Common redirect URI patterns

Different MCP clients use different redirect URI formats depending on whether they run locally or remotely.

Local development:

MCP client	Redirect URI
MCP Jam	http://localhost:6274/oauth/callback
Gemini CLI	http://localhost:7777/oauth/callback

Remote or cloud-hosted:

MCP client	Redirect URI
Claude Desktop	https://claude.ai/api/mcp/auth_callback
Custom web app	https://your-app.example.com/oauth/callback

Port numbers for loopback URIs

For loopback IP addresses (localhost and 127.0.0.1), Aembit ignores the port number during redirect URI matching. This means a Client Workload configured with http://localhost:7777/oauth/callback will match requests from any port like http://localhost:8080/oauth/callback or http://localhost:3000/oauth/callback. Wildcards aren’t supported in redirect URIs.

Token handling

This section covers token issuance, validation, and refresh behavior in the MCP authorization flow.

Token audience

The audience claim is a standard JWT claim that identifies the intended recipient of a token - in this case, your MCP server.

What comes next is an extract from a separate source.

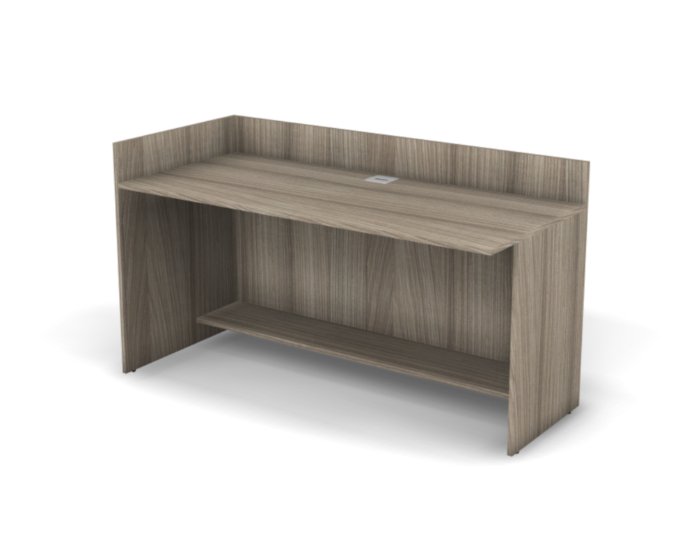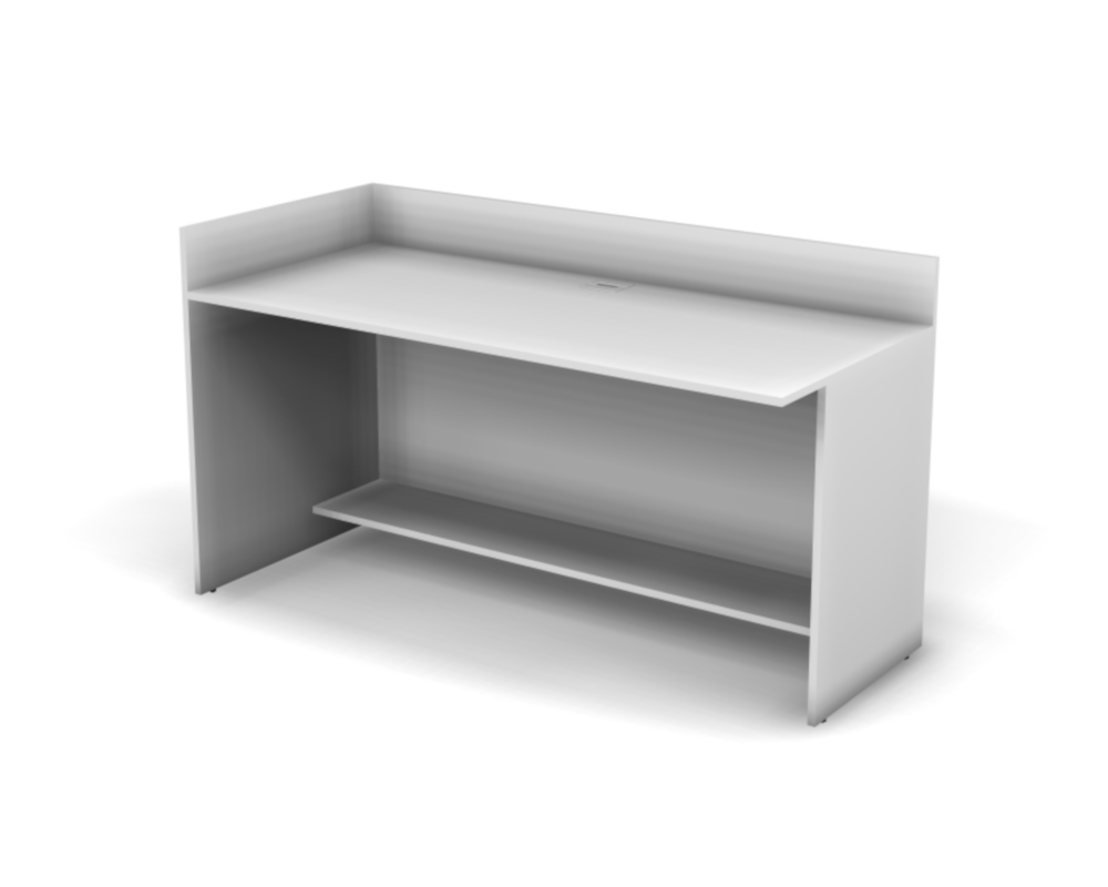 Конструкция из прочного ДСП толщиной 18 мм с противоударной кромкой ABS гарантирует долговечность эксплуатации. Стол гармонично интегрируется в общую композицию ресепшн-зоны, предоставляя дополнительную поверхность для работы с документами или размещения оборудования.

In Aembit, you configure the audience value in your Credential Provider settings. This value must match exactly what your MCP server expects in its token verifier configuration. For example, https://mcp.acme-corp.example.com and https://mcp.acme-corp.example.com/ (with trailing slash) are different values and cause validation to fail.

Credential acquisition

Aembit’s MCP Authorization Server supports acquiring credentials for downstream services through Aembit’s Credential Provider system.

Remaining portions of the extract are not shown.